Taxpayers deserve govt accountability
What you need to know:
The issue:
Lubowa hospital
Our view:
Our government must recognise that it holds a sacred trust with its citizens to ensure transparency, accountability and efficiency in all government projects to benefit us all.
In 2019, Parliament approved $379 million (about Shs1.4 trillion at the time) for the construction of the 264-bed capacity hospital in Lubowa, on the Kampala-Entebbe Highway. Finasi/Roko Construction Limited took over the project site at Lubowa on June 10, 2019. Then there was the Shs348 billion that the Accountant General said the developer had earlier been given for the Financial Year 2021/2022.

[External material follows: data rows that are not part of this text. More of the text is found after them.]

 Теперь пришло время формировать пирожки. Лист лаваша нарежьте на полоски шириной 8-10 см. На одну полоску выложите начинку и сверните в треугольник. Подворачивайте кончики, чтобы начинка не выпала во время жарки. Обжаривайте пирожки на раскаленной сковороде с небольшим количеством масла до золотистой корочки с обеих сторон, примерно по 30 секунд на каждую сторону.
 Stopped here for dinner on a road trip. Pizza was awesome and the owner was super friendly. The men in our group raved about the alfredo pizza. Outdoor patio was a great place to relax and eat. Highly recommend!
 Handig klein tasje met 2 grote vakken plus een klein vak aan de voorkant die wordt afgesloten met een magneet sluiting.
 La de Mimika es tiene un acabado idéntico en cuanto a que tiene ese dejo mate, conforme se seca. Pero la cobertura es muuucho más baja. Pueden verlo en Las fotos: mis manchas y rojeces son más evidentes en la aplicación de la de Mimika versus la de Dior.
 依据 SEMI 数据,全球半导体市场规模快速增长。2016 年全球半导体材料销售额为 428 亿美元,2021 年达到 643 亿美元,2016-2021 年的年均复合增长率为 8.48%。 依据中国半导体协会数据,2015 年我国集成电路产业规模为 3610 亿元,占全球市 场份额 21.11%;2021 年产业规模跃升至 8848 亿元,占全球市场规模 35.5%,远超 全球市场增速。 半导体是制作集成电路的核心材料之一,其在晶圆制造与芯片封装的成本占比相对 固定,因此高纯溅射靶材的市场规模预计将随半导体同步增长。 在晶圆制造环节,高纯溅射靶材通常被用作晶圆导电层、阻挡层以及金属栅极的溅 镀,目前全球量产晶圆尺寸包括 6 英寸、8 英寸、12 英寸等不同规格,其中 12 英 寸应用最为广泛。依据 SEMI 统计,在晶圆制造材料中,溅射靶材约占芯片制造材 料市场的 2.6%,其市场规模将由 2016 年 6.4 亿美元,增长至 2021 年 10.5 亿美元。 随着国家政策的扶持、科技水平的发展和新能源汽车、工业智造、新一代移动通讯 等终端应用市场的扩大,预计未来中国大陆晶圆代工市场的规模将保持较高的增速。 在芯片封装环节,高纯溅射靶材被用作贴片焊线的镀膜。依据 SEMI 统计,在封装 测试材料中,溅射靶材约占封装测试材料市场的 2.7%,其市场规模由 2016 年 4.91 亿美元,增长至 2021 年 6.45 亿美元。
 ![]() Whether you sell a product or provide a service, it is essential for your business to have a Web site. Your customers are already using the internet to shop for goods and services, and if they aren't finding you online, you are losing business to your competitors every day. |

In March, the Ministry of Health tabled a Shs2.7 billion Supplementary Budget intended to further finance the hospital construction in the National Budget for Financial Year 2023/2024. Requests tabled by the Minister of Health, Dr Jane Ruth Aceng, showed that the money would be spent on the supervision of the works at the construction site.

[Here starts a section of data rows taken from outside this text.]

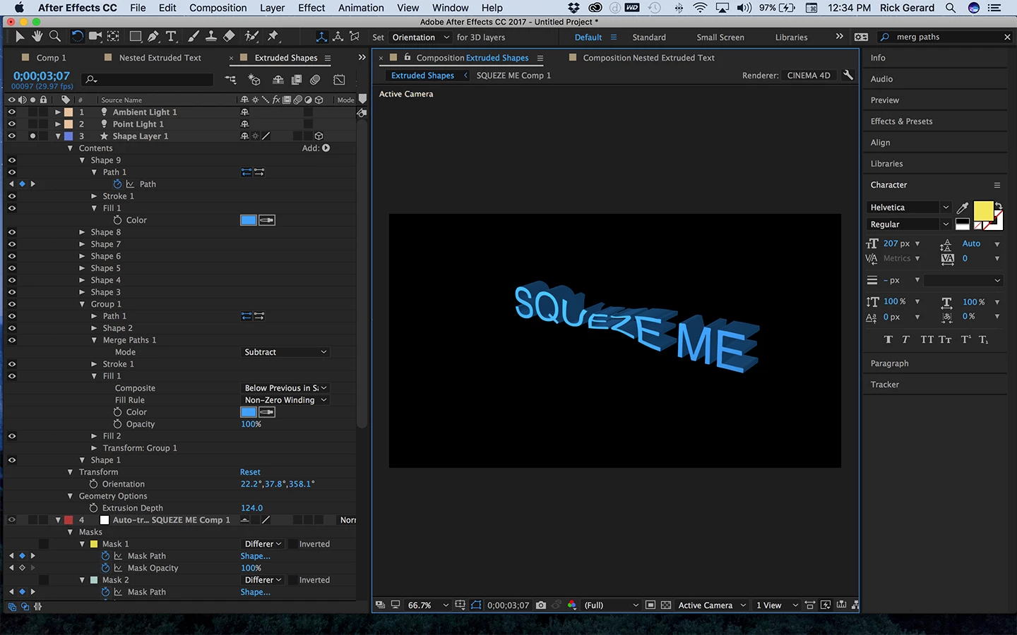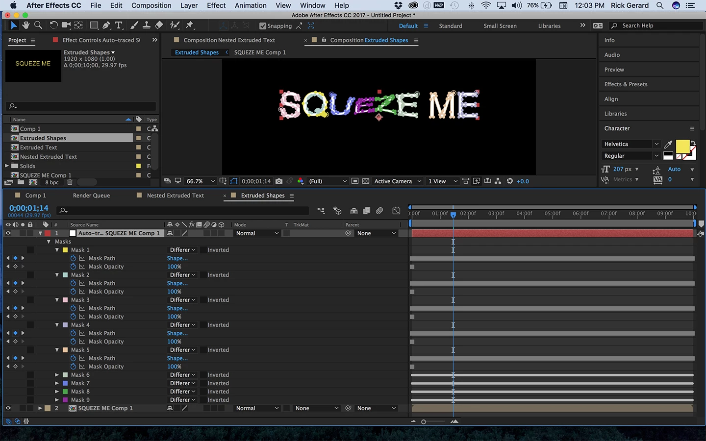 The other way would be to convert the distorted text layer like the one shown above into outlines, turn those outlines into shape layers, place the shape layers in a C4D Renderer comp and extrude the shape layers. You start by pre-composing the distorted text layer moving all attributes to the pre-comp. Then you apply Auto Trace from the Layer menu to the nested comp, your pre-composed text layer, and have it create a new layer. Make sure that the work area includes all of the animation so you get animated outlines. This may take a while if your animation lasts more than a couple of seconds. This will give you a new solid with a bunch of animated masks that looks something like this: (I collapsed some of the masks to show you all the layers in the comp)
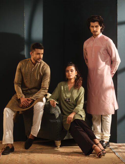 পাঞ্জাবি-কটি-চুড়িদারের রাজসিকতা। মাখন রং আর বাদামিতে গোলাপির উজ্জ্বল উপস্থিতি
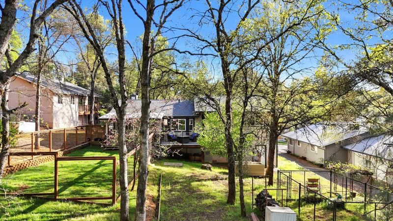 Welcome to easy living in the sought-after Lake of the Pines community! Set on a private 1/3-acre lot. Set back away from the road adds to the feeling of privacy from cars and surrounding homes alike. This well cared for home offers a peaceful backyard with a level and small fenced lawn area looking out to your own plum trees, oak trees in a park like setting, and space for a garden or simply enjoying the outdoors. The light-filled interior features 3 bedrooms and 2 full baths, with a comfortable, user-friendly layout and convenient access from the driveway to the kitchen and back deck. Enjoy morning coffee on the front Trex deck or unwind on the covered back Trex deck overlooking your private yard. The oversized 38-foot garage is a rare bonus with plenty of room for your car, boat, golf cart, and more. Plus, the laundry room in the garage has a handy half bath. Life at Lake of the Pines means resort-style amenities right at your doorstep: a private lake for swimming, stand-up paddle boarding, and fishing; pool, pickleball, bocce, golf, parks, and much more. A perfect fit for all ages and a lifestyle you'll love coming home to.
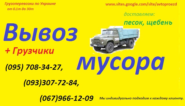 Вывоз строительного мусора в городе и области. Вывоз старой мебели, хлама. Услуги грузчиков. Обращаться по тел. (095) 708-34-90, (093)307-72-84, (067)966-13-15 |
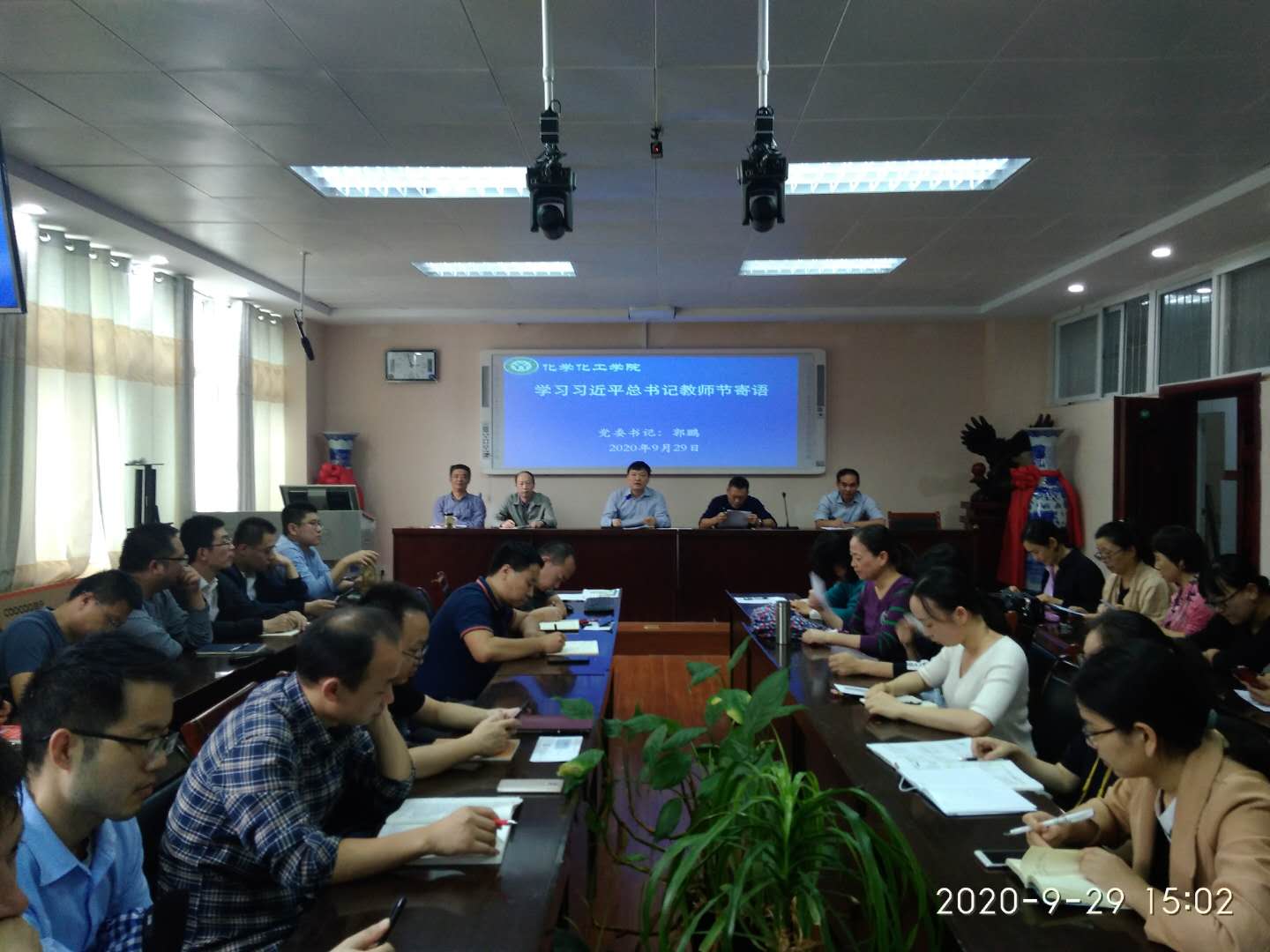 9月29日,太阳成城集团tyc234cc官网在化学楼407报告厅召开全体教职工大会,专题学习习总书记教师节寄语。太阳成城集团tyc234cc官网全体教师集体参加学习,学习会由党委书记郭鹏主持并宣讲领学解读。
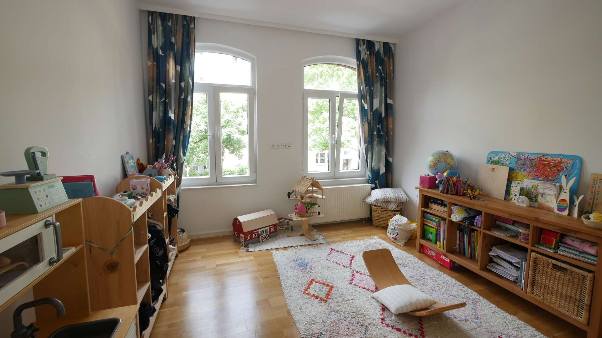 Die Wohnung verfügt über insgesamt vier Zimmer, darunter ein geräumiges Schlafzimmer und einen weiteren individuell nutzbaren Raum – ideal als Kinderzimmer, Arbeitszimmer oder Gästezimmer. Das vierte Zimmer ist mit einem Schreibtisch und einem großen Einbaukleiderschrank eingerichtet.
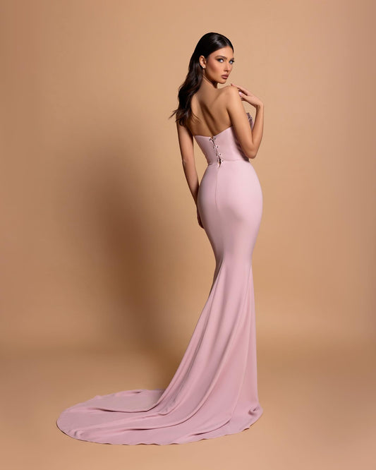 Impresionante vestido de fiesta rosa con escote en V, sin tirantes, sin mangas, de satén con pedrería y espalda abierta y cola.
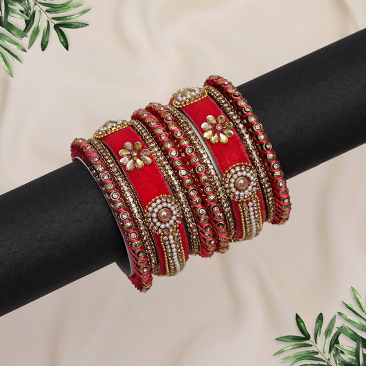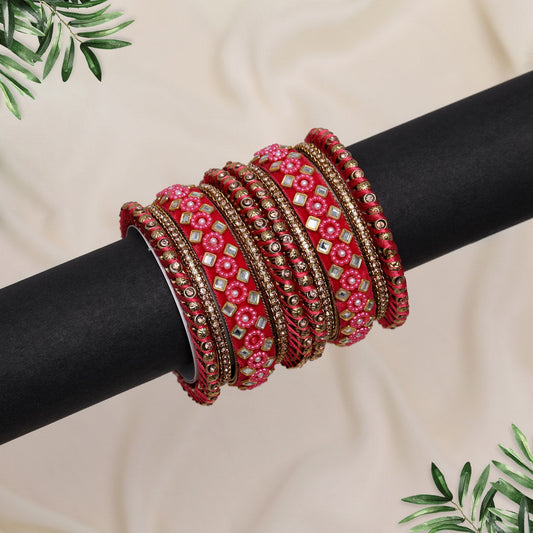 Dark Peach Color Velvet Thread Bangle Set: 2.10

But some members of the parliamentary Budget Committee demanded justification for the Lubowa hospital project, which they said had stalled. In fact, the committee chairman, also Koboko Municipality MP, Dr Charles Ayume, said: “I think the issue of Lubowa is brain-dead, we just have to plug off the life support and we escort it to the mortuary, in my opinion as the chairperson of the committee.” The government still paid a deaf ear.

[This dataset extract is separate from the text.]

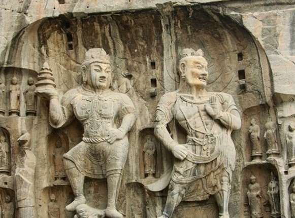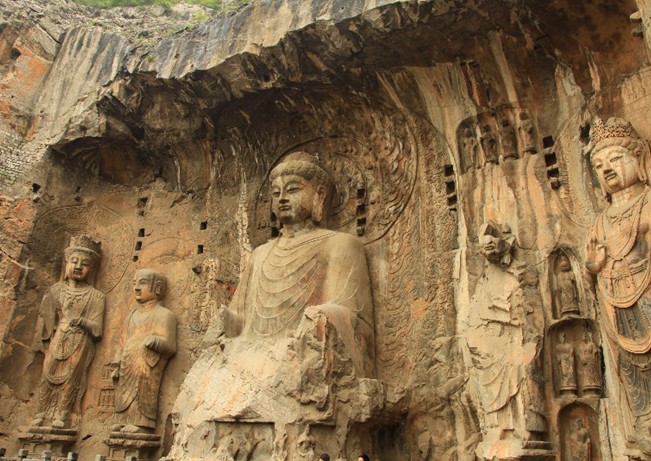 奉先寺,原名大盧舍那像窟,版權(quán)所有山東聊城聊之旅國際旅行社有限公司,轉(zhuǎn)載必究!位于洛陽市龍門石窟西山南部,始雕年代說法不一,有說是唐代咸亨三年(672年)開始雕鑿,至唐代上元二年(675年)完成,是龍門石窟中規(guī)模最大、藝術(shù)精美、最具有代表性的大龕。版權(quán)所有山東聊城聊之旅國際旅行社有限公司,轉(zhuǎn)載必究!奉先寺南北寬約34米,東西深約36米,置于9米寬的三道臺階之上,龕雕一佛、二弟子、二脅侍菩薩、二天王及力士等十一尊大像。奉先寺是龍門石窟中規(guī)模最大、最具有代表性的露天佛龕,形態(tài)各異、刻畫傳神的造像顯示了盛唐雕塑藝術(shù)的高度成就,成為石雕藝術(shù)史上的奇觀。
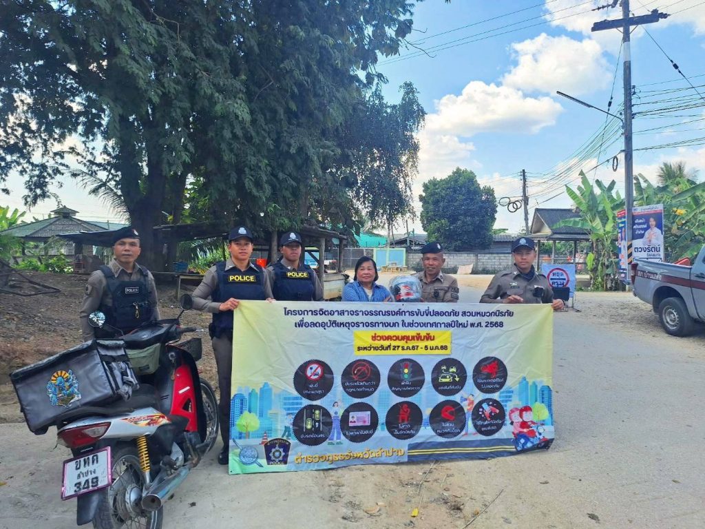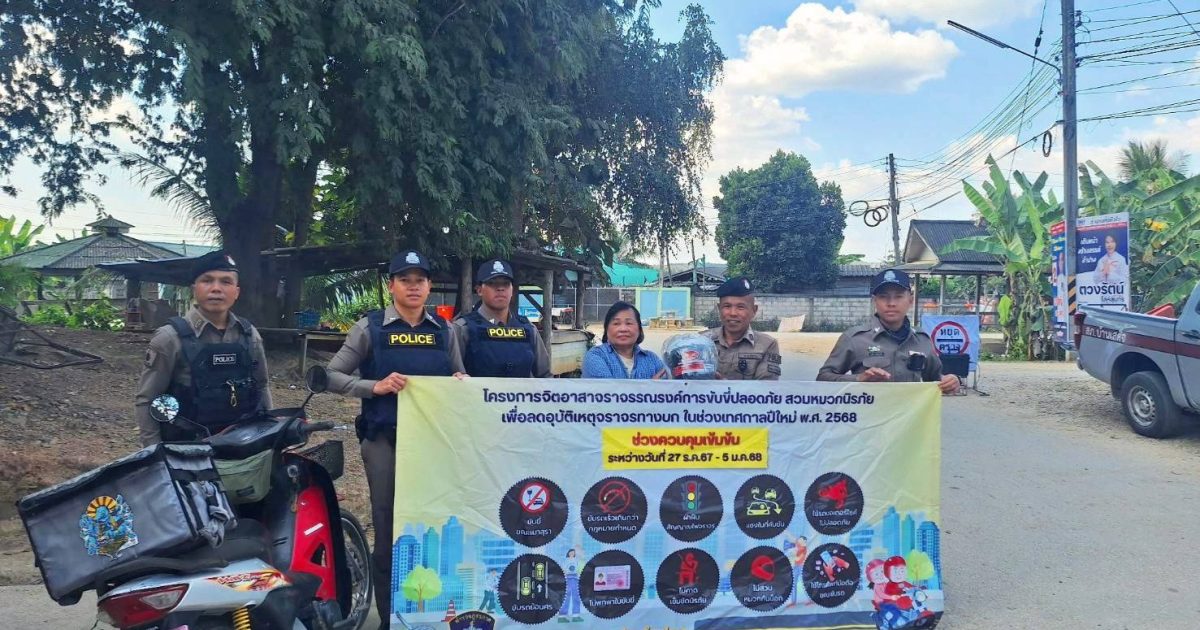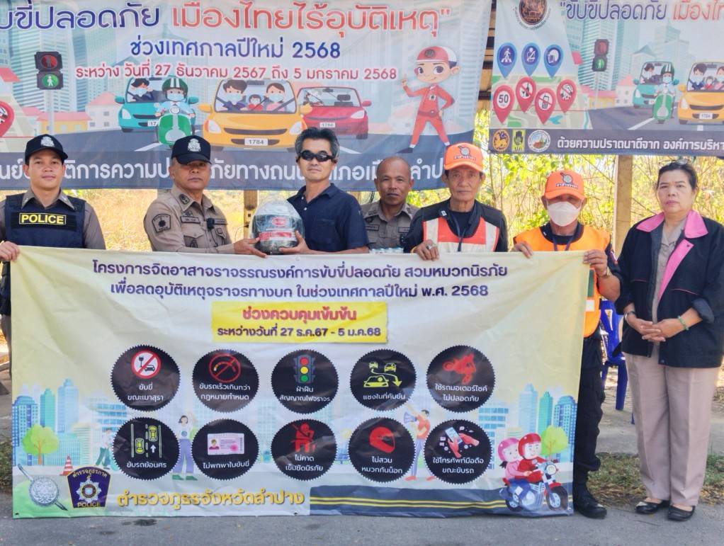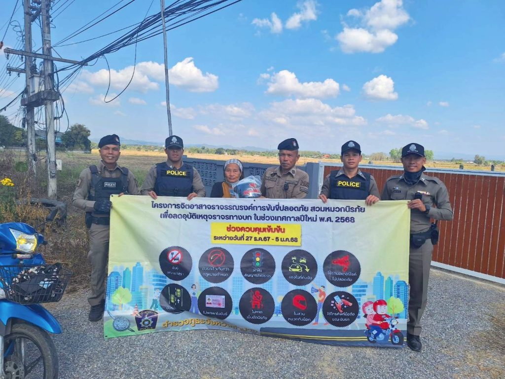 วันนี้ 3 ม.ค.2568 ตั้งแต่เวลา 10.00 น.โดยการสั่งการของ พ.ต.อ.ชวลิต จินดารัตน์ ผกก.สภ.บ้านเสด็จพ.ต.ท.พงษ์ศิลป์ คณะภาษี รองผกก.ป. มอบหมายให้ พ.ต.ท.โสกิจ วรวงศ์ สวปฯ พร้อมกำลังสายตรวจ สภ.บ้านเสด็จ นักเรียนนายสิบฝึกงานร่วมกัน ตั้งจุดตรวจกวดขันวินัยจราจร เพื่อเป็นการป้องกันและลดอุบัติเหตุทางถนนในช่วงเทศกาลส่งท้ายปีเก่าต้อนรับปีใหม่ 2568 มีผลการจับกุมผู้ฝ่าฝืนและว่ากล่าวตักเตือนให้ความรู้กฎจราจรพร้อมกับมีการแจกหมวกนิรภัยตามโครงการจิตอาสาจราจรรณรงค์ขับขี่ปลอดภัยสวมหมวกนิรภัยเพื่อลดอุบัติเหตุจราจรทางบกในช่วงเทศกาลปีใหม่ 2568

According to Transparency International, a local hospital in Uganda built on similar terms costs $25 million (about Shs93 billion). But for comparison, the Lubowa hospital project is costing approximately 16 times more than the other hospitals. This is blamed on the flawed procurement process of this project, which has seen many other issues come up along the way.
On Thursday last week, when this publication conducted a site visit to the multibillion hospital whose construction has been a subject of public debate since 2019, Mr Tonny Abet, our health reporter, was arrested by police. He was held incommunicado without the knowledge of, or access to lawyers for more than 24 hours, charged with criminal trespass before he was released the following day. In short, it is now criminal to even dare seek accountability for taxpayers’ money in this project.
While this project held immense promise for our nation’s health sector, it has also posed significant challenges in terms of accountability. Our government must recognise that it holds a sacred trust with its citizens to ensure transparency, accountability and efficiency in all government projects to benefit us all. Accountability is not an option; it is an imperative that we must demand and expect from our government.